» **Source information**:

====

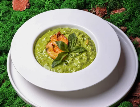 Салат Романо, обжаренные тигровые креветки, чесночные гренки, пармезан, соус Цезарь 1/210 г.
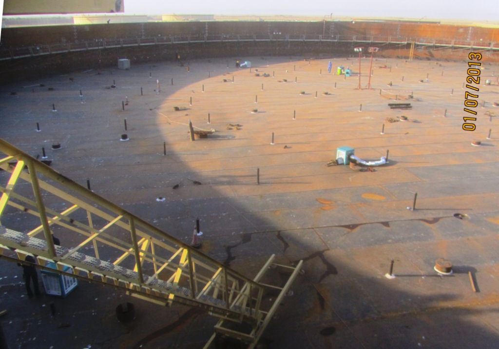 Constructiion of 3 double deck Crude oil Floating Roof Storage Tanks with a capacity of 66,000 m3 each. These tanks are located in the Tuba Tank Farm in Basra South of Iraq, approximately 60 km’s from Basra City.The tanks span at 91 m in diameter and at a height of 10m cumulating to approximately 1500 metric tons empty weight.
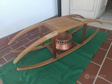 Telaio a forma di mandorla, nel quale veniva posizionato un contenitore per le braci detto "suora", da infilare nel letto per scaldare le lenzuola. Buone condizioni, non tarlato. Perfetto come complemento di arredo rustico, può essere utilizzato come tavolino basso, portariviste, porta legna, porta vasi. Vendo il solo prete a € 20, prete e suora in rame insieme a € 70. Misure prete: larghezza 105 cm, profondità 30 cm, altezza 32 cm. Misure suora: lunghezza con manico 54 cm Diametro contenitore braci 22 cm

====

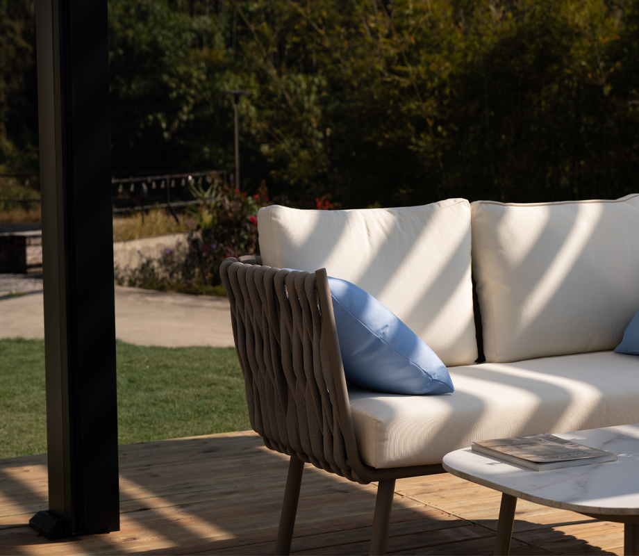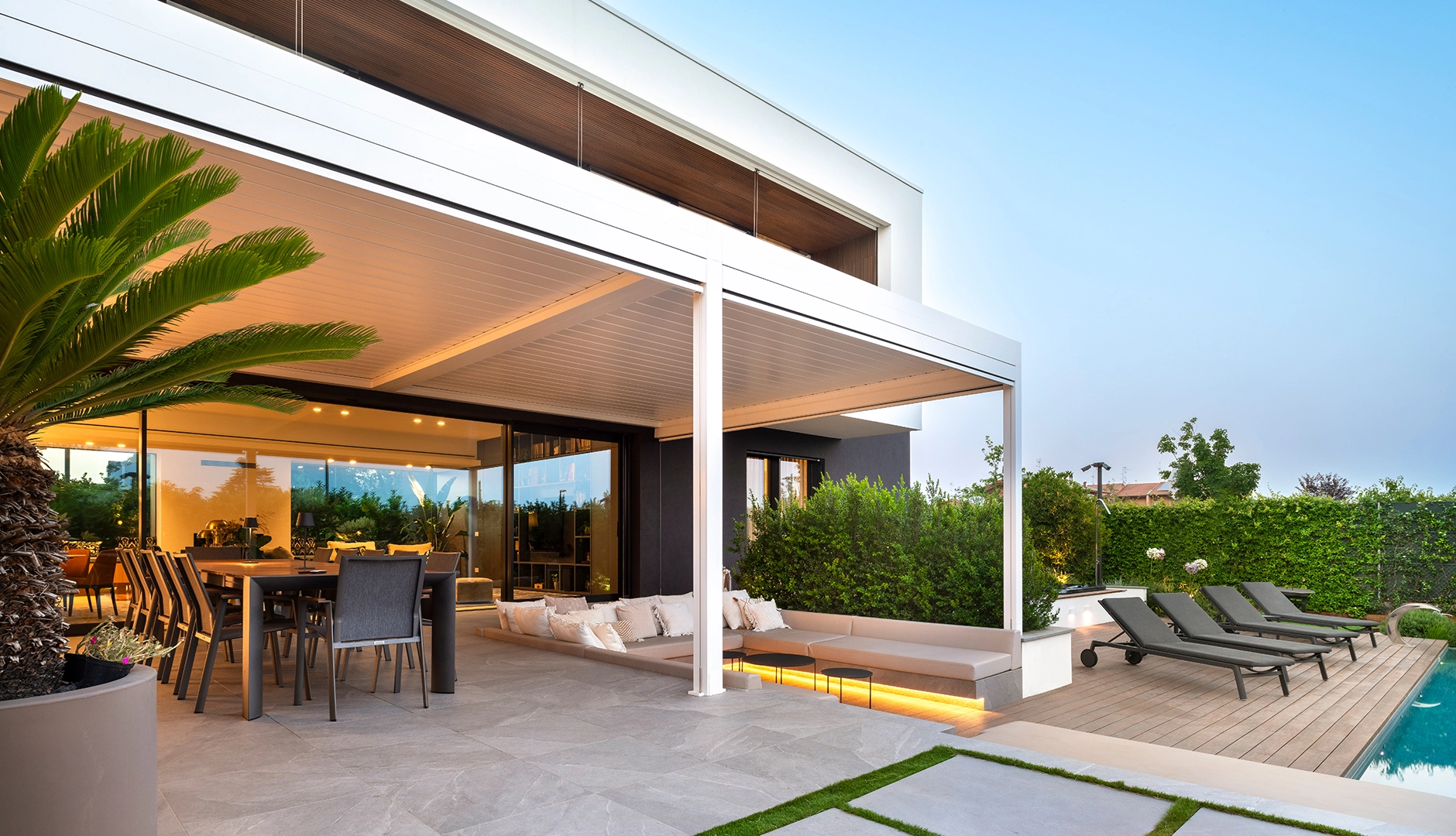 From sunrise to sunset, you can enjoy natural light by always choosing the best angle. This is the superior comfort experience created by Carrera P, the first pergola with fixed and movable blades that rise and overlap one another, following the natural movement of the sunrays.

====

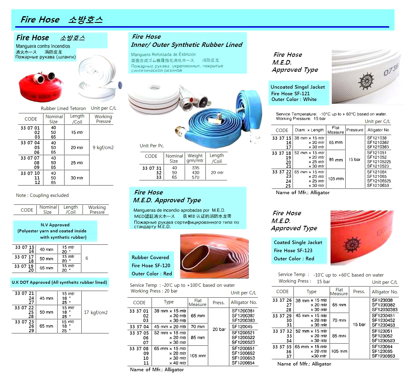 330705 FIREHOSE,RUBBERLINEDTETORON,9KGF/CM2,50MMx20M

====

» **Requirement**: Starting at the line above with "Салат Романо, обжаренные", output every line exactly up to and including the line with "Telaio a forma", but none of the pictures.

» **Answer to the exercise**:
 Салат Романо, обжаренные тигровые креветки, чесночные гренки, пармезан, соус Цезарь 1/210 г.
 Constructiion of 3 double deck Crude oil Floating Roof Storage Tanks with a capacity of 66,000 m3 each. These tanks are located in the Tuba Tank Farm in Basra South of Iraq, approximately 60 km’s from Basra City.The tanks span at 91 m in diameter and at a height of 10m cumulating to approximately 1500 metric tons empty weight.
 Telaio a forma di mandorla, nel quale veniva posizionato un contenitore per le braci detto "suora", da infilare nel letto per scaldare le lenzuola. Buone condizioni, non tarlato. Perfetto come complemento di arredo rustico, può essere utilizzato come tavolino basso, portariviste, porta legna, porta vasi. Vendo il solo prete a € 20, prete e suora in rame insieme a € 70. Misure prete: larghezza 105 cm, profondità 30 cm, altezza 32 cm. Misure suora: lunghezza con manico 54 cm Diametro contenitore braci 22 cm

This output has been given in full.